/Nihotip

Nihotip is a web app that lets users explore Japanese text through interactive tokenization and detailed insights. Built with React and Python, it offers a dynamic way to analyze words and symbols with tooltips for deeper understanding.

Primary LanguageJavaScript

Nihotip

Nihotip is a web application designed to help users explore the intricacies of the Japanese language through a dynamic and interactive interface. With a React frontend and a Python backend, Nihotip provides a convenient way to tokenize Japanese text and delve into detailed information about words, symbols, and their respective properties via tooltips. Nihotip offers a robust solution for analyzing Japanese text at multiple levels of granularity.

Demo

URL of the published version: https://nihotip.netlify.app

✨ Features

  • Japanese Text Tokenization: Input Japanese text and have it automatically tokenized into words and symbols.

  • Detailed Word and Symbol Insights: Hover over words or symbols to access detailed tooltips that explain the structure, readings, and associated properties of each token.

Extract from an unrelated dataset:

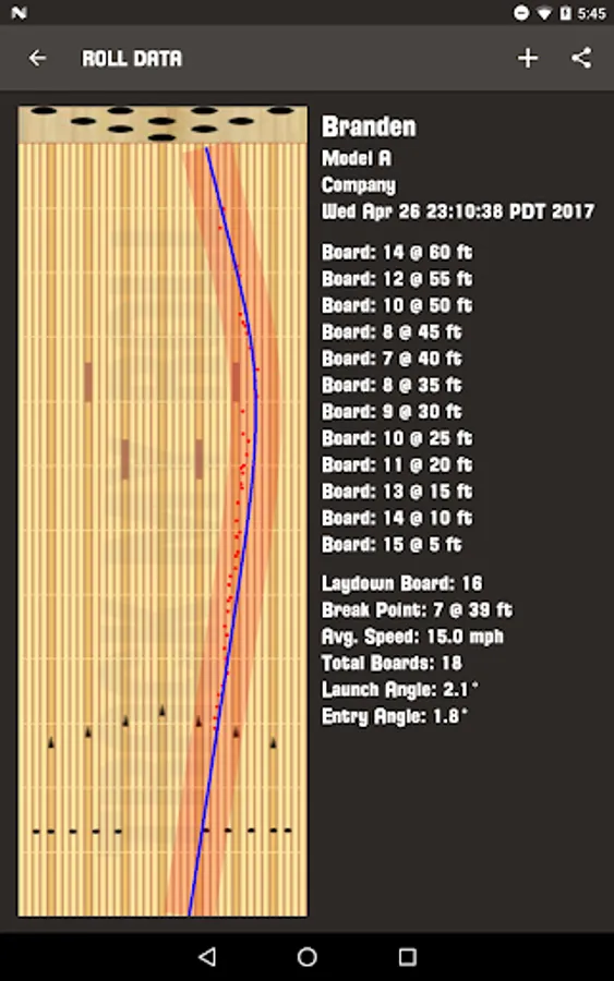 Track My Roll gives you shot graphs and valuable data including launch angle, break point, entry angle, ball position and speed. Graph multiple shots to a single set. Then export the graphs to your files or share them on your favorite social media sites. It can also store multiple bowler profiles and ball arsenals. Anyone who loves to get immersed in the technical aspects of bowling will want to have Track My Roll in their pocket!

  • Level-based Token Breakdown: Nihotip organizes tokenized text into multiple hierarchical levels for easy navigation (features of different levels of tokens are listed inside brackets):

    • text
      • not a japanese word
        • punctuation
        • space
        • line break
        • string of not japanese characters
      • japanese word (part of speech)
        • part by reading
          • one or multiple kanji (kana reading -> part by reading)
          • digraph
            • big kana without tenten
            • big kana with tenten
            • small kana (respective big kana)
          • kana without tenten (romaji, association)
          • kana with tenten (respective kana without tenten)
  • part by reading:

    Parts are gotten by cutting the reading of the word. They allow to determine the kana reading for each kanji. A part consists of multiple characters if the reading of a kanji along with the characters surrounding it can't be cut. For example, the part "大人" of the word "大人買い" uses a special reading "おとな" that can't be cut. That's why the "おとな" reading applies to the whole part.

  • syllable:

    • single kana
    • digraph
    • kana with "っ", "ッ" or "ー"
    • single kanji
  • Tooltip insights: Show how readings map to individual characters and provide additional details like romaji and kana associations.

🛠️ Getting Started

To run the application locally, follow these steps:

To run the application locally, follow these steps:

  1. Clone the repository and navigate into the project directory.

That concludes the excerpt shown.